In multi-cat homes, the dynamic gets more layered. In multi-cat households or areas where they encounter other animals, cats may leave their poop uncovered as a way to assert dominance. It’s their way of saying “this is my space.” Cats are territorial by nature, and their scent glands, found in their paws, face, and anal region, play a major role in how they communicate. This is known as “middening,” a behaviour more common in wild or outdoor cats than house cats. But a new pet in the household can trigger it indoors too.

What to actually do about it

Start with a vet visit. If your cat suddenly stops burying, has litter box avoidance, shows behavioural changes, or has symptoms of illness such as straining, blood, lethargy, or appetite loss, seek veterinary evaluation. This is especially true if the change is sudden in a cat who has always been consistent. Sudden behavioural shifts in adult cats rarely appear from nowhere.
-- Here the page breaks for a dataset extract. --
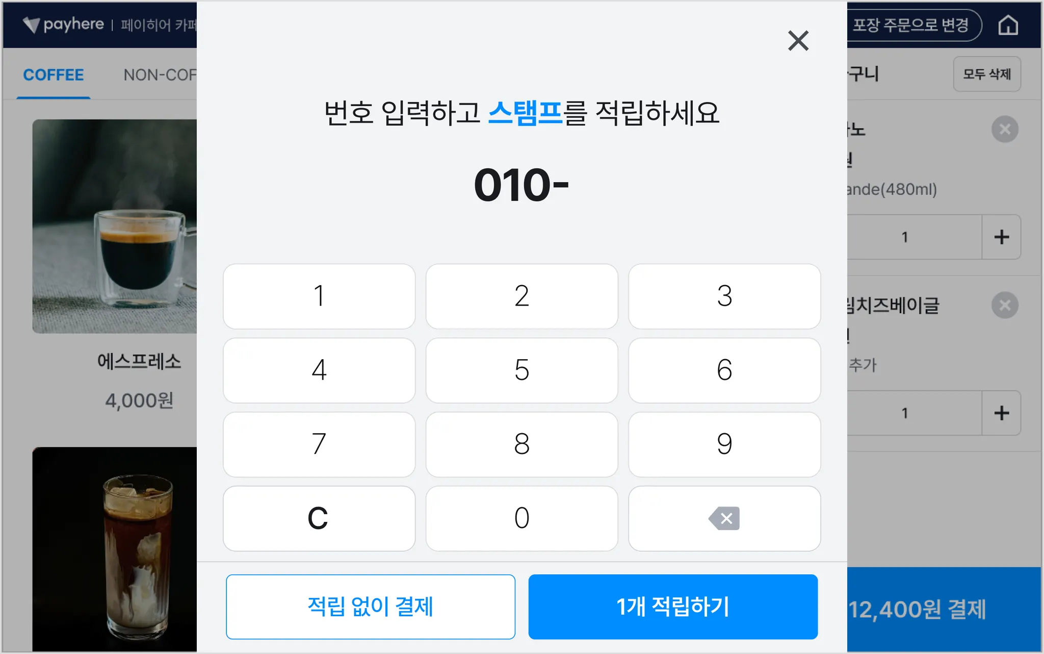 4) 고객은 주문 과정에서 휴대폰 번호를 입력하여 포인트 또는 스탬프를 적립할 수 있어요.
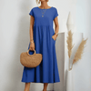 With its classic O-neckline, short sleeves, and natural waistline, this pullover dress blends timeless style with casual ease — perfect for vacations, weekend outings, or simply enjoying warm sunny days. The solid color design and subtle shirring details make it easy to dress up or down depending on the occasion.

Once health causes are ruled out or treated, look at the environment. Common reasons for a cat not to cover their poop in the litter box include the box not being as clean as the cat would like. Clean the litter box once or twice daily with a scoop, and completely change the litter every 30 days to keep it up to the cat’s standards. Providing a litter box with lower sides or easier access can make a big difference, particularly for older cats who may be dealing with joint stiffness they cannot easily communicate.
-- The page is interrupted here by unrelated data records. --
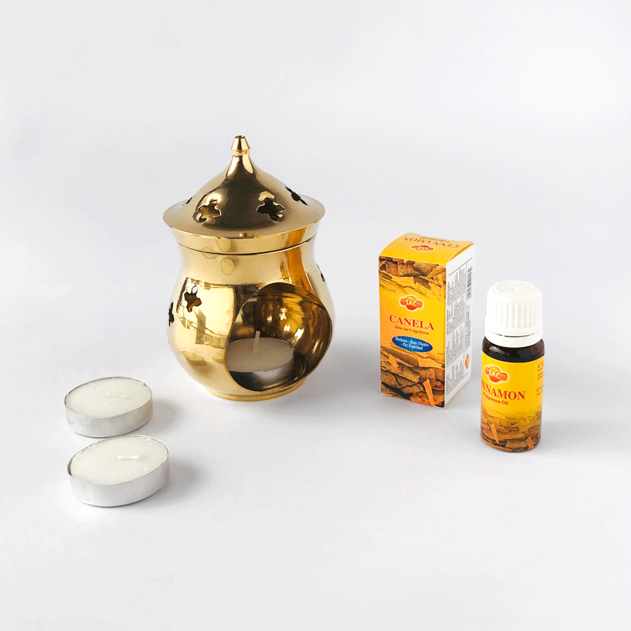 Este Kit Incluye: 1 difusor de bronce, 10 velas y 1 esencia a elección.
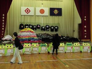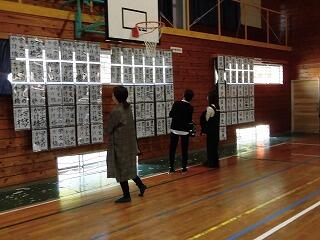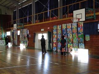 小学校の体育館には、色鮮やかな感想画やすばらしい作品が展示してありました。また、「服のチカラプロジェクト」で集まった服も展示してあり、心温まる活動が行われていたことが伝わりました。
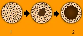 Animalele sunt unice prin faptul că forma globulară a celulelor embrionului timpuriu (1) se dezvoltă într-o formă globulară goală sau blastulă (2).
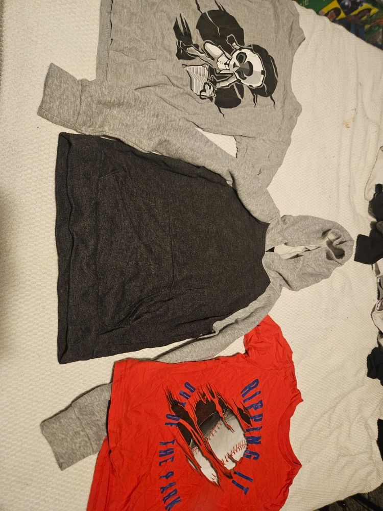 Selling a mixed lot of kids' shirts. There's a grey long-sleeve with a graphic, a dark grey hoodie, and a red baseball-themed tee. Great for everyday wear!
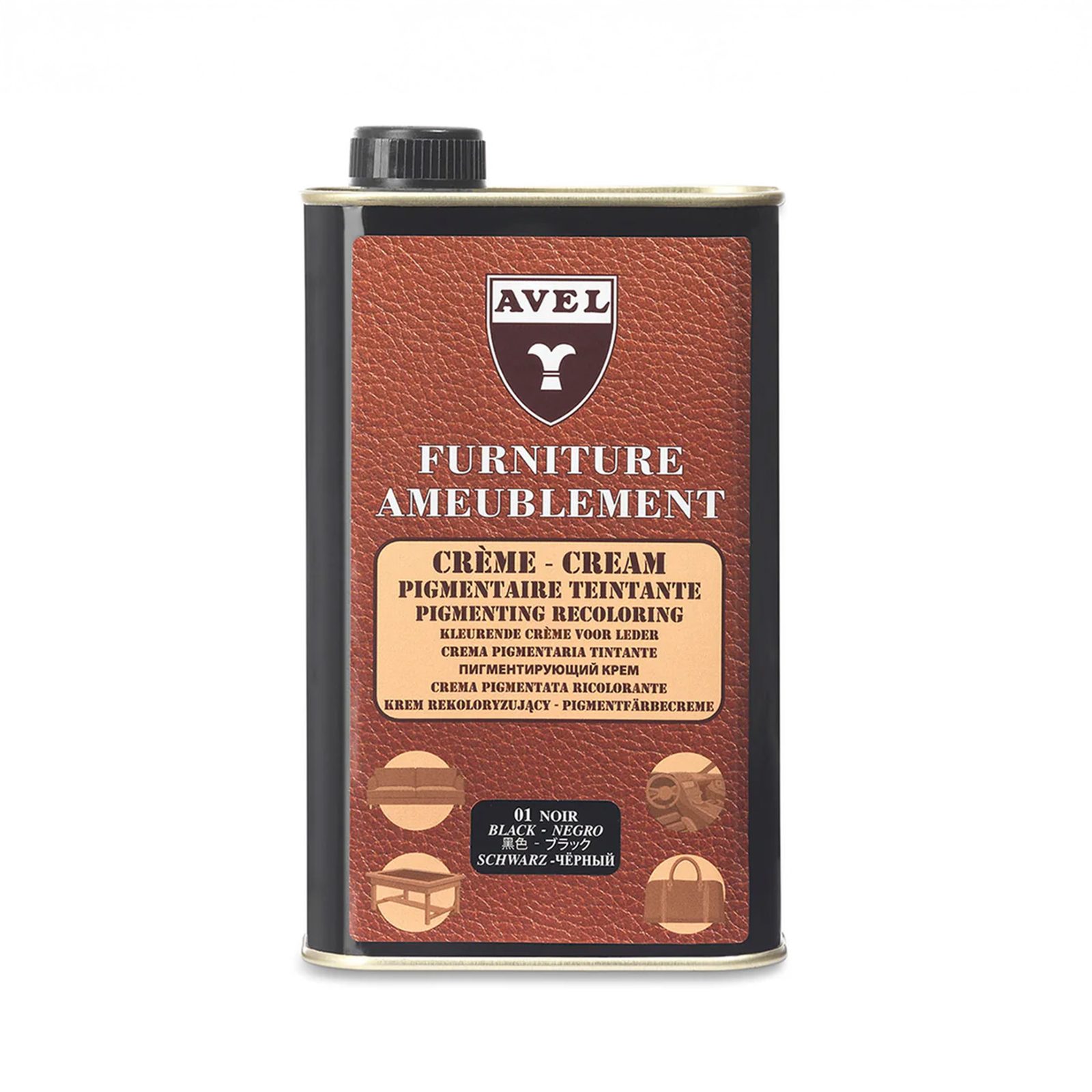 Přebarvovací krém francouzské značky Avel na hladkou kůži. Používá technologii podobnou konečné úpravě kůže v koželužnách, obsažený pigment tak pronikne do povrchu kůže a zakryje odbarvená místa, škrábance i drobné praskliny. Výsledek je takřka srovnatelný s původním továrním finišem.
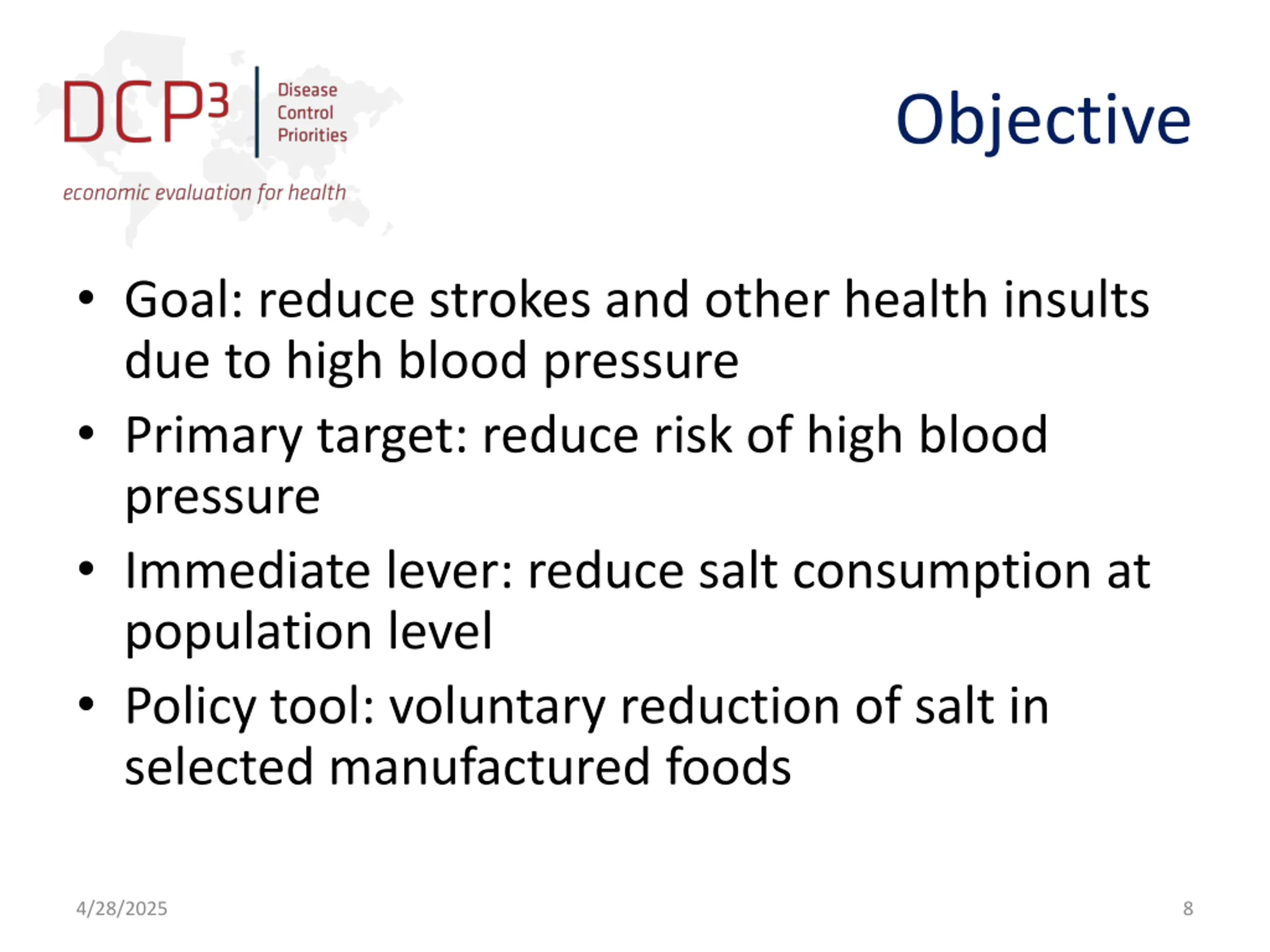 Objective Goal: reduce strokes and other health insults due to high blood pressure Primary target: reduce risk of high blood pressure Immediate lever: reduce salt consumption at population level Policy tool: voluntary reduction of salt in selected manufactured foods 4/28/2025 8
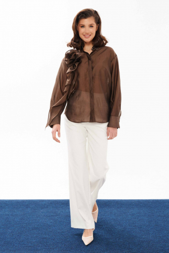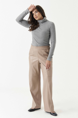 Брюки женские из поливискозной ткани для повседневной носки. Брюки прямые, слегка зауженные. На передней части брюк есть боковые карманы. Верх брюк обработан отрезным поясом, застёгивающийся на тесьму-молнию и потайной крючок. На задней части брюк есть талиевые вытачки и прорезные карманы. Ткань однотонная.
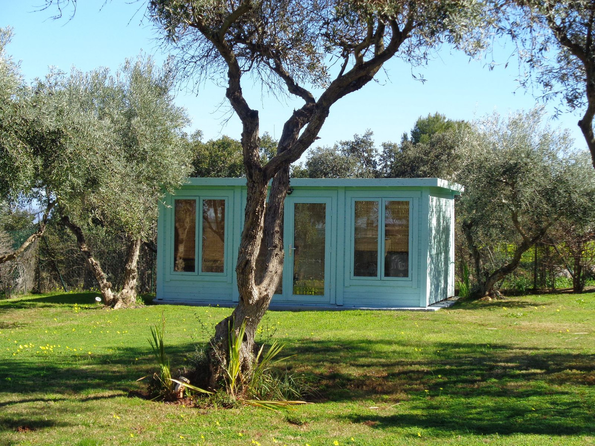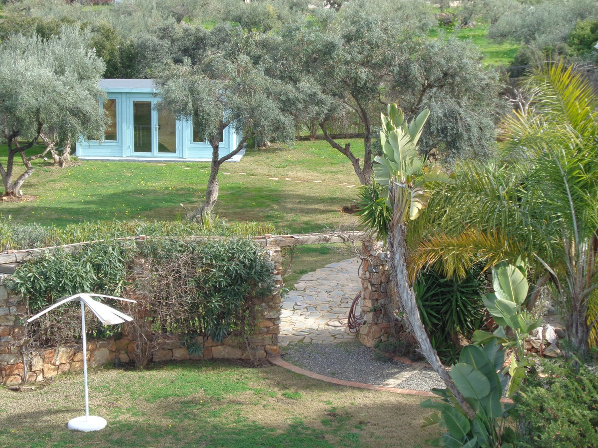 Passez le porche et vous accéderez à la vaste oliveraie gazonnée. Un atelier en bois, équipé d'électricité, de climatisation et d'éclairage, se trouve également à proximité. Il est idéal comme maison d'été, pour les loisirs créatifs ou comme refuge confortable.

Don’t try to force your cat to cover her poop, such as moving her front legs through the litter in a burying motion. This could potentially cause your cat stress and create fear around using the litter box. That instinct to intervene directly tends to backfire. The goal is to make the tray so comfortable, clean, and accessible that the cat wants to be there, not to override what feels wrong to them.

One detail worth knowing: sometimes cats have a personal reason for not covering their poop. If a cat’s mother never buried her poop, then the kitten won’t learn to cover their poop and will carry this behaviour into adulthood. If your cat has never covered consistently from the beginning, this may simply be her normal, not a red flag. The concern is always the change, not the habit itself.